This fall I was driving along Rte.202 in Western Massachusetts. It was after the leaves had left the trees and the landscape struck me as quite gray and barren, not surprising I suppose for November. Back in Rochester it didn’t seem so dreary. I decided as I drove down Mary’s Pond Rd. that the green pines and crimson bogs helped alleviate a lot of November’s gloom.

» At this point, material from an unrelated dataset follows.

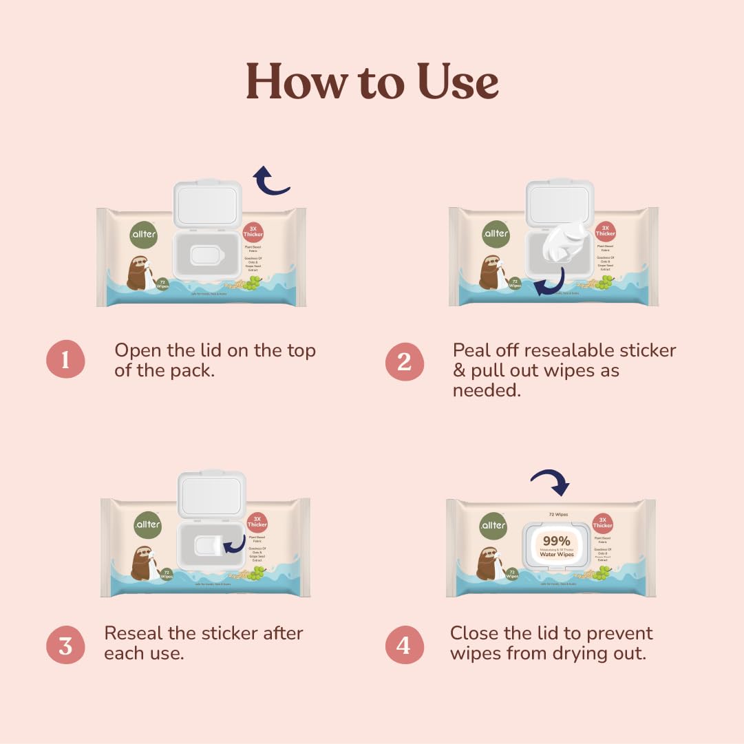 3X Thickness, 3X Durability- With 3X the thickness, Allter 99% Water Moisturizing Wipes make clean-ups a breeze. From snack messes to diaper changes, these wipes are built for durability, letting you handle messes effortlessly and focus on what matters.

As fall has moved into winter, the many large trucks that rumble down our roads during cranberry season have diminished. They take our local berries to various locations for processing. Some go to the Decas facility in Carver while others go to Ocean Spray in Middleboro. Wet picked cranberries are processed into juice and canned sauce. Dry picked berries are bagged and show up in the grocery store. Here in Rochester, we’re lucky to get fresh picked cranberries straight from the Hartley- Rhodes bog (of TV fame) to Friends Market at Plumb Corner.
One of the most successful innovations in cranberry marketing has been dried sweetened cranberries. First introduced by Ocean Spray as “Craisins”, today there are several brands available. The current “Decas Farms” brand relies on 85+ years of cranberry growing to perfect the berries that they dry and sweeten. They even grow a lower sugar berry for their “Lean Crans.”
Back to those big cranberry trucks, Duffy Clapp was telling me that when he drove for Hiller’s (Hiller’s bogs are now owned by the Beaton family), one of his routes was to Maine where he delivered cranberries to be split and frozen to be put into ice cream. Cranberries have certainly come a long way from being seen mostly on the Thanksgiving table.
Fall and cranberry season are now long past, and many bogs are ice covered. If our cold weather continues soon, they’ll be enlivened by hockey players and ice skaters.